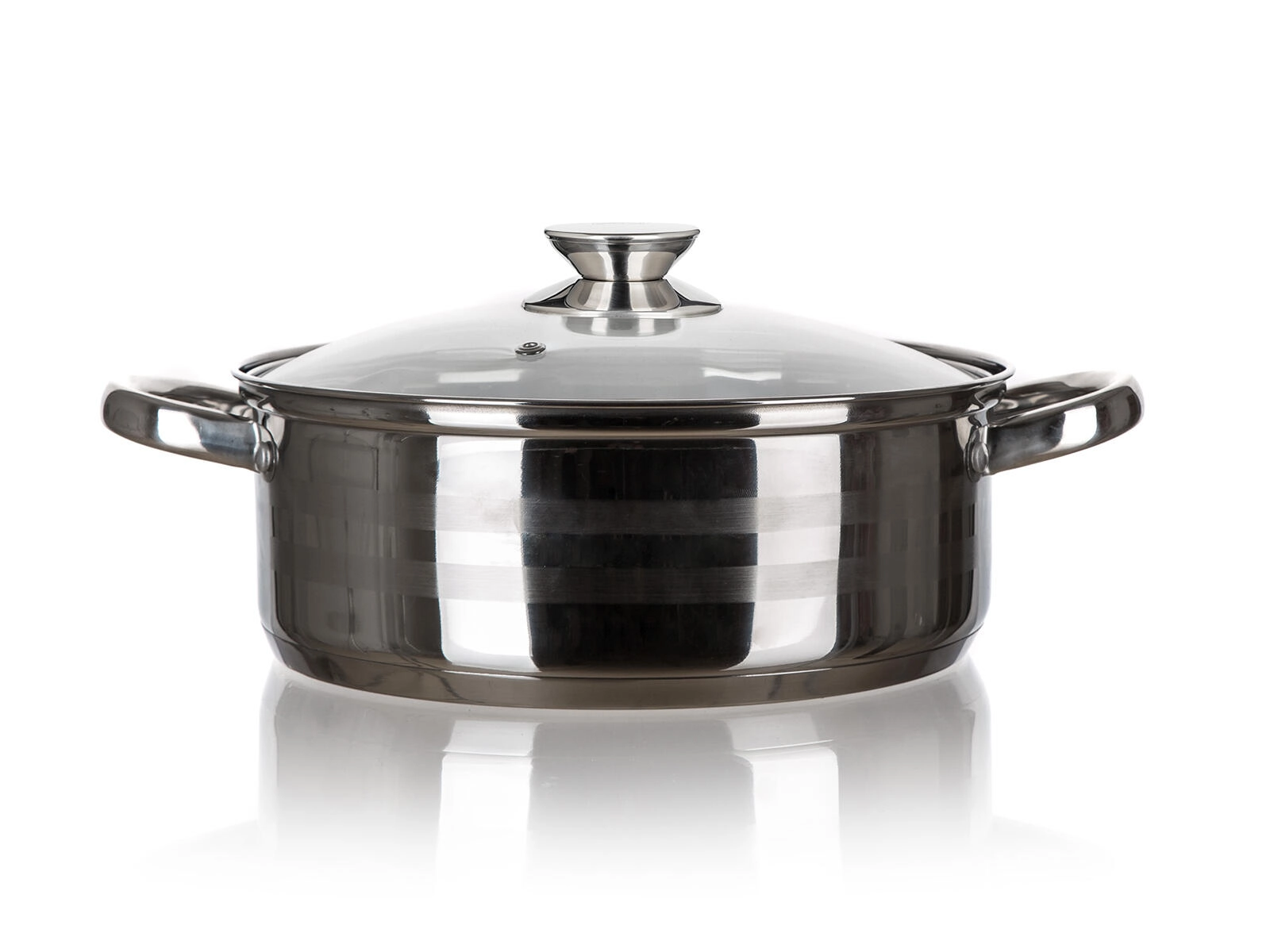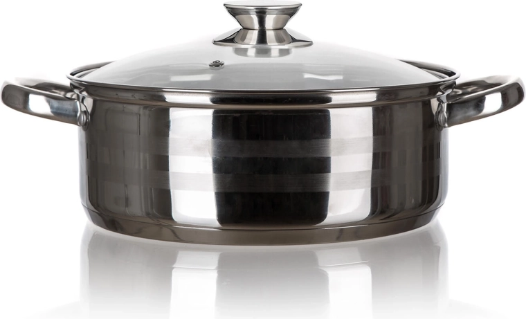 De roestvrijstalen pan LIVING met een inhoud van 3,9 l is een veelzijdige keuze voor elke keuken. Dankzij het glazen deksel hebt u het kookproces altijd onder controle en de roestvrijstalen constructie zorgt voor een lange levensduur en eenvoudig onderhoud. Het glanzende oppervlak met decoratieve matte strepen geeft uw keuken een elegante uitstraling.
* * *
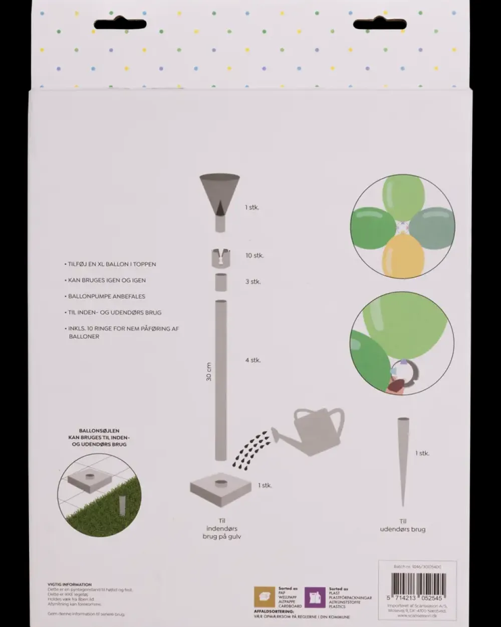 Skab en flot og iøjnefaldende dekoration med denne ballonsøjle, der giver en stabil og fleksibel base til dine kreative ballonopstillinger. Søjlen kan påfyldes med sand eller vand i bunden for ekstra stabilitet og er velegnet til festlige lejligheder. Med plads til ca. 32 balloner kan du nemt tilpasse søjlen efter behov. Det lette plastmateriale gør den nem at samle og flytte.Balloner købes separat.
---
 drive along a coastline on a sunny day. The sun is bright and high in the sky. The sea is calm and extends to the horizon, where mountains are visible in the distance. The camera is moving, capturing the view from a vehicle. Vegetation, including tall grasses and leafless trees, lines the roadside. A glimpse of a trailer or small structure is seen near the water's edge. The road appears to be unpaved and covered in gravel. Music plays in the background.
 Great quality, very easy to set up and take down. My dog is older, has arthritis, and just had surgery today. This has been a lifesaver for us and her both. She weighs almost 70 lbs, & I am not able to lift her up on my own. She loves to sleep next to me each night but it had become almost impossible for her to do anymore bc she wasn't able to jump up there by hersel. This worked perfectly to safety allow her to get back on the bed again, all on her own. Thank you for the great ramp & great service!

## YOUR ASSIGNMENT
Of all the entries above, output exactly the lines between the one holding "drive along a" and the one holding "Great quality, very", inclusive.

## RESPONSE
 drive along a coastline on a sunny day. The sun is bright and high in the sky. The sea is calm and extends to the horizon, where mountains are visible in the distance. The camera is moving, capturing the view from a vehicle. Vegetation, including tall grasses and leafless trees, lines the roadside. A glimpse of a trailer or small structure is seen near the water's edge. The road appears to be unpaved and covered in gravel. Music plays in the background.
 Great quality, very easy to set up and take down. My dog is older, has arthritis, and just had surgery today. This has been a lifesaver for us and her both. She weighs almost 70 lbs, & I am not able to lift her up on my own. She loves to sleep next to me each night but it had become almost impossible for her to do anymore bc she wasn't able to jump up there by hersel. This worked perfectly to safety allow her to get back on the bed again, all on her own. Thank you for the great ramp & great service!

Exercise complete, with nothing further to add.